Value-focused investors are always on the hunt for stocks that are priced below their intrinsic value. One such stock that merits attention is Catalent Inc (CTLT, Financial). The stock, which is currently priced at $43.86, recorded a loss of 1.66% in a day and a 3-month increase of 20.89%. The stock's fair valuation is $99.1, as indicated by its GF Value.
Understanding the GF Value
The GF Value represents the current intrinsic value of a stock derived from our exclusive method. The GF Value Line on our summary page gives an overview of the fair value that the stock should be traded at. It is calculated based on three factors: historical multiples (PE Ratio, PS Ratio, PB Ratio and Price-to-Free-Cash-Flow) that the stock has traded at, GuruFocus adjustment factor based on the company's past returns and growth, and future estimates of the business performance.
We believe the GF Value Line is the fair value that the stock should be traded at. The stock price will most likely fluctuate around the GF Value Line. If the stock price is significantly above the GF Value Line, it is overvalued and its future return is likely to be poor. On the other hand, if it is significantly below the GF Value Line, its future return will likely be higher.
Unraveling the Risks
However, investors need to consider a more in-depth analysis before making an investment decision. Despite its seemingly attractive valuation, certain risk factors associated with Catalent should not be ignored. These risks are primarily reflected through its low Altman Z-score of 1.46. These indicators suggest that Catalent, despite its apparent undervaluation, might be a potential value trap. This complexity underlines the importance of thorough due diligence in investment decision-making.
Decoding the Altman Z-Score
Before delving into the details, let's understand what the Altman Z-score entails. Invented by New York University Professor Edward I. Altman in 1968, the Z-Score is a financial model that predicts the probability of a company entering bankruptcy within a two-year time frame. The Altman Z-Score combines five different financial ratios, each weighted to create a final score. A score below 1.8 suggests a high likelihood of financial distress, while a score above 3 indicates a low risk.
Company Snapshot
Catalent is a contract development and manufacturing organization, or CDMO. It operates under four segments: biologics, softgel and oral technologies, oral and specialty delivery, and clinical supply services. Catalent derives its revenues primarily from long-term supply agreements with pharmaceutical customers. The company provides a range of development and manufacturing solutions for drugs, protein-based biologics, cell and gene therapies, and consumer health products throughout the entire life cycle of a product from the drug development process to commercial supply. Catalent has over 50 facilities across four continents.

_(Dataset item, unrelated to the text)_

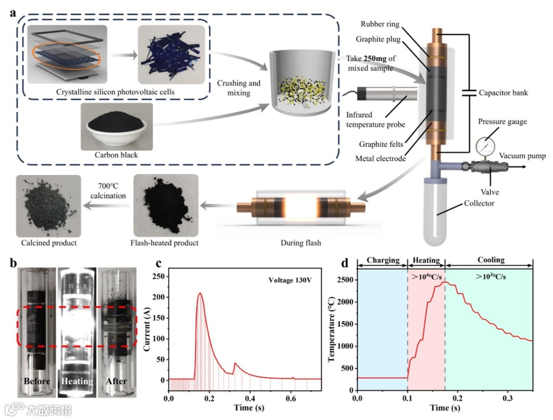 把废电池片打成粉,掺点炭黑,塞进石英管——啪! 130 V 电火花让它瞬间飙到 2200 °C,又在毫秒间冷却。

Breaking Down Catalent's Low Altman Z-Score
A dissection of Catalent's Altman Z-score reveals Catalent's financial health may be weak, suggesting possible financial distress.
The EBIT to Total Assets ratio serves as a crucial barometer of a company's operational effectiveness, correlating earnings before interest and taxes (EBIT) to total assets. An analysis of Catalent's EBIT to Total Assets ratio from historical data (2021: 0.09; 2022: 0.07; 2023: 0.02) indicates a descending trend. This reduction suggests that Catalent might not be utilizing its assets to their full potential to generate operational profits, which could be negatively affecting the company's overall Z-score.
When it comes to operational efficiency, a vital indicator for Catalent is its asset turnover. The data: 2021: 0.47; 2022: 0.48; 2023: 0.42 from the past three years suggests a decreasing trend in this ratio. The asset turnover ratio reflects how effectively a company is using its assets to generate sales. Therefore, a drop in this ratio can signify reduced operational efficiency, potentially due to underutilization of assets or decreased market demand for the company's products or services. This shift in Catalent's asset turnover underlines the need for the company to reassess its operational strategies to optimize asset usage and boost sales.
Conclusion
While Catalent's stock appears undervalued, the company's low Altman Z-Score and declining operational efficiency indicators suggest that it could be a potential value trap. It is crucial for investors to consider these risk factors and conduct thorough due diligence before making an investment decision.